In the book "Numbers" by Ebbinghaus et. al, the Natural numbers are defined as:
The natural numbers form a set $\mathbb N$, containing a distinguished element $0$, called zero, together with a successor function $S:\mathbb N \to \mathbb N$, of $\mathbb N$ into itself, which satisfies the following axioms:
(S1) $S$ is injective,
(S2) $0 \notin S(\mathbb N)$,
(S3) If a subset $M \subset \mathbb N$ contains zero and is mapped into itself by $ S $, then $M = \mathbb N$.
Does this definition puts any strict requirement that only $0$ can be starting element? In other words, does (S2) excludes any possibility of another starting element, say $w_0 \notin S(\mathbb N)$? If it was strict requirement, I think the author would have explicitly mentioned something like :(S2) only $0 \notin \mathbb N$
Also, as (S1) says $S$ is just injective (and not surjective), so there can be some other elements outside of range of $S(\mathbb N)$ similar to $0$.
The reason I ask, as if there exists such element $w_0 \notin S(\mathbb N)$, we can have a chain of elements in sequence $ w_0 \to w_1 \to w_2 $ and so on with starting element $w_0$ independent of the one with the $0$ (zero).

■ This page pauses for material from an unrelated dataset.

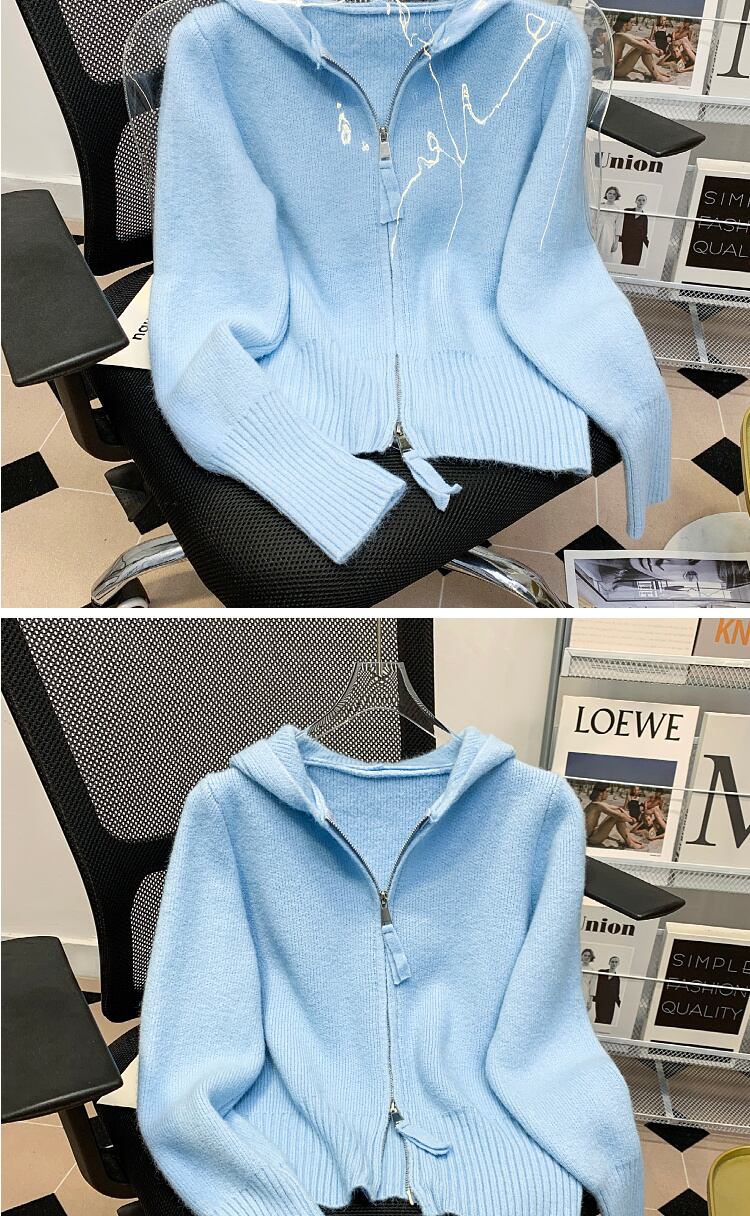 プラスサイズの婦人服2023ファットシスター春の新しいフード付きデザインは薄くてニッチな巾着ニットカーディガンジャケットに見えます 大きめサイズ スプリング 春物 8884169769729886

Then, there can be two different sets, $M_1$ and $M_2$ for S(3), where $M_1$ include $w_0$ and $M_2$ doesn't, but both still include $0$.
then, $M_1 = \mathbb N$
and also, $M_2 = \mathbb N$
giving two different sets for $\mathbb N$ with different sizes, which seems wrong to me.

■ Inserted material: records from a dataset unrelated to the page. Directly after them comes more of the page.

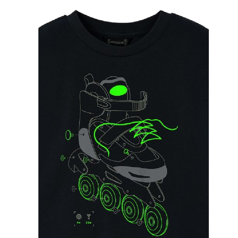 t-shirt a manica corta in tinta unita con stampa roller fluorescente a contrasto sul davanti
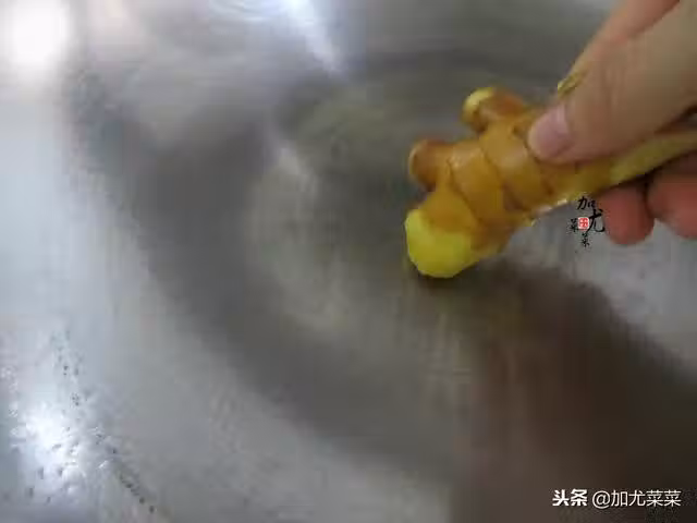 3、熱干炒鍋的水分,關火用黃姜把鍋底擦拭一遍,擦黃姜是很重要的步驟,既可以去腥,又可以形成一層保護膜以保證魚皮不破,這是煎魚訣竅之二。
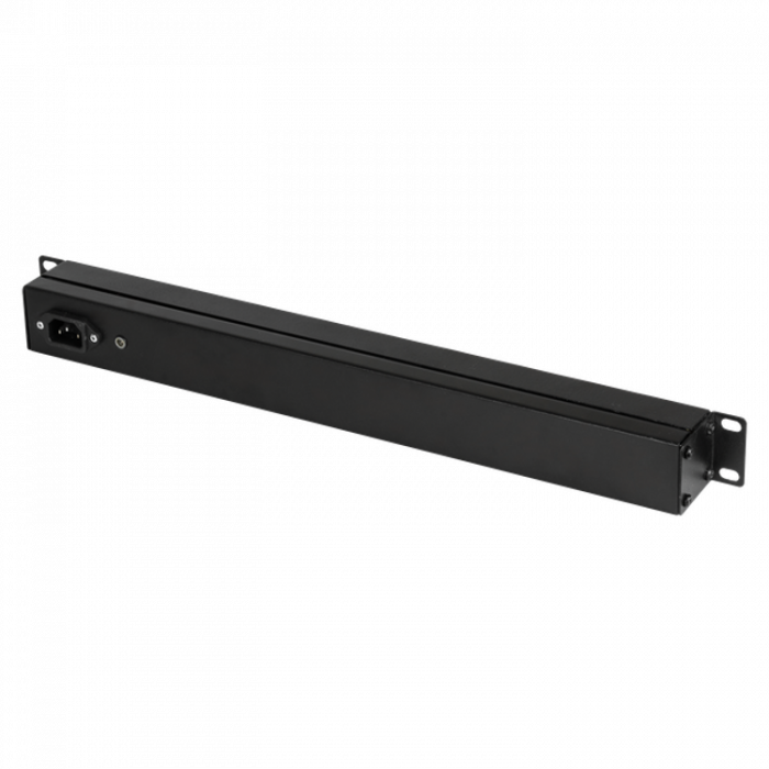 Блок электрических розеток состоит из 8 параллельно соединенных евророзеток, с общим заземляющим контактом. Фильтрующим элементом и защитой по напряжению является варистор. Блок имеет высоту 1U и оснащен фильтром и предохранителем. Для подключения используется сетевой шнур с вилкой для включения в розетку сети и разъем для включения в блок розеток. Сетевой шнур в комплект не входит. Выключатель питания выполнен с подсветкой. Блок розеток предназначен для распределения электропитания с напряжением 220В.

Can you please let me know what I understood wrong here?
Suppose that $\mathbb N$ contains an element $w_0$ like you describe, that is, $w_0 \neq 0$ yet $w_0$ is not the successor of any element. Then consider the set $\mathbb N \setminus \{w_0\}$. Clearly this set contains 0. And it is also mapped into itself by $S$, since by assumption $w_0$ is not the successor of any element. It follows by (S3) that $\mathbb N \setminus \{w_0\} = \mathbb N$. But this is a contradiction. So no such element $w_0$ exists.
More informally, consider the set $$ \{0, S(0), S(S(0)), S(S(S(0))), \ldots\}. $$ This set satisfies the requirements of (S3), and therefore it is precisely this set that is $\mathbb N$, and there cannot be any other elements.